Ce Jésus que Joseph et Marie déplacent du nord au sud et du sud au nord, on a bien l’impression, à lire le texte, qu’il est un peu étranger à ses parents. Quelqu’un qui vient de plus loin qu’eux. Il est remis entre leurs mains, il leur est confié, mais il ne leur appartient pas. Eux, ils sont là simplement pour baliser et permettre sa route. En ce sens, la famille de Nazareth est exemplaire pour nous. Car les enfants que nous mettons au monde viennent de bien plus loin que nous, et vont beaucoup plus loin. Les parents sont le lieu de passage d’une vie qui les déborde de toutes parts. C’est pourquoi les parents doivent manifester un immense respect pour l’enfant que pourtant ils ont conçu, porté, dirigé, conduit. Comme toujours, quand il s’agit de personnes humaines, faisons attention au possessif « mon ». Mon enfant, d’accord, mais pas comme ma propriété. Mon enfant est toujours, par quelque côté, « le Fils de l’homme. »

Patience, tendresse, bonté

Donc, retenons de tout cela que la famille est simplement un lieu de transition, une place de croissance en vue de passer à une autre famille (« l’homme quittera son père et sa mère ») et en fin de compte dans la grande famille humaine. Dans sa lettre aux Colossiens, Paul énumère les conditions nécessaires pour une vie familiale authentique, à quelque niveau que ce soit (famille nucléaire, communauté, société, paroisse) : « Faites-vous un cœur plein de tendresse et de bonté, d’humilité, de douceur et de patience.

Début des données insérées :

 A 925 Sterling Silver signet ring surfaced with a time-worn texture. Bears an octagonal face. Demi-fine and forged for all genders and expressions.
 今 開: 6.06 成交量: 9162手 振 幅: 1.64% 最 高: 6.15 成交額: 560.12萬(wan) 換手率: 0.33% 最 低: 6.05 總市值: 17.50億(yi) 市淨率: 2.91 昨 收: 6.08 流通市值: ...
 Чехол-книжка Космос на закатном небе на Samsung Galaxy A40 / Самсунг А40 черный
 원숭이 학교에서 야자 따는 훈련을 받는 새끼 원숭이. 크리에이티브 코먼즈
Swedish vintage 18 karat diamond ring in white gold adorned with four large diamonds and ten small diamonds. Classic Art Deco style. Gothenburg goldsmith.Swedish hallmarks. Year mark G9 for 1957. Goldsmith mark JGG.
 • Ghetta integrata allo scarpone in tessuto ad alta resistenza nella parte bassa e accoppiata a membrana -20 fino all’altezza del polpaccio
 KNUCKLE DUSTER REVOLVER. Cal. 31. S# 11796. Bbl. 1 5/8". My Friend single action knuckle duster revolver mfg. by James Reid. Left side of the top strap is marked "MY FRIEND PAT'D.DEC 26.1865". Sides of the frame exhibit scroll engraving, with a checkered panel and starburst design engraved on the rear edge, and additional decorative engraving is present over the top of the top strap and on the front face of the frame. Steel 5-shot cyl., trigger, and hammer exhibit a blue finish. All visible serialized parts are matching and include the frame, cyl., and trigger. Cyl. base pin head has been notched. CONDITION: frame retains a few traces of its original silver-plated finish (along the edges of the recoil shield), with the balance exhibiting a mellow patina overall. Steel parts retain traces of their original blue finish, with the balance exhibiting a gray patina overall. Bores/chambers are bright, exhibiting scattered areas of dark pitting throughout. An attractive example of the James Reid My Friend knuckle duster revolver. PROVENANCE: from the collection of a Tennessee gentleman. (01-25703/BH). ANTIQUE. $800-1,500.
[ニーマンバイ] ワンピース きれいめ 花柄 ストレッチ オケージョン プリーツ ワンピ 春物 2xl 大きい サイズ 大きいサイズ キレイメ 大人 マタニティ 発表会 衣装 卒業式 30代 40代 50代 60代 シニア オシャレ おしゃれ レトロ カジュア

Supportez-vous mutuellement et pardonnez... » Pour lui, c’est un fait acquis : il faut de la patience, de l’humilité, de la bonté pour vivre en famille, parce qu’on a toujours des choses à se pardonner mutuellement. Il ajoute donc : « Pardonnez comme le Seigneur vous a pardonné. »

Est-ce possible ? Est-ce toujours possible ? Paul croit que oui. Et il précise : « Par-dessus tout cela, qu’il y ait l’amour. C’est ce qui fait l’unité dans la perfection. » Dieu nous pardonne parce qu’il nous aime.

En fin d’année, les sociétés, quelles qu’elles soient, font leur bilan. Les affaires, bien sûr, peuvent se comptabiliser. Mais pouvons-nous, personnellement, faire le bilan de notre propre vie, de nos conduites et de nos agissements personnels, en bien ou en mal ? Peut-on faire le bilan d’une existence familiale ? Je ne le crois pas. Mais ce qu’il y a de certain, c’est que, nous présentant sous le regard de Dieu, avec le cœur plein des sentiments énumérés par saint Paul, nous pouvons lui rendre grâce et lui manifester notre reconnaissance. Ce que nous allons faire dans cette Eucharistie, chacun de nous parfaitement uni à tous les membres de la grande famille de Dieu. Dans le sacrement de l’amour, nous pourrons puiser la capacité d’aimer et de nous pardonner mutuellement, comme lui-même nous a aimés et pardonnés.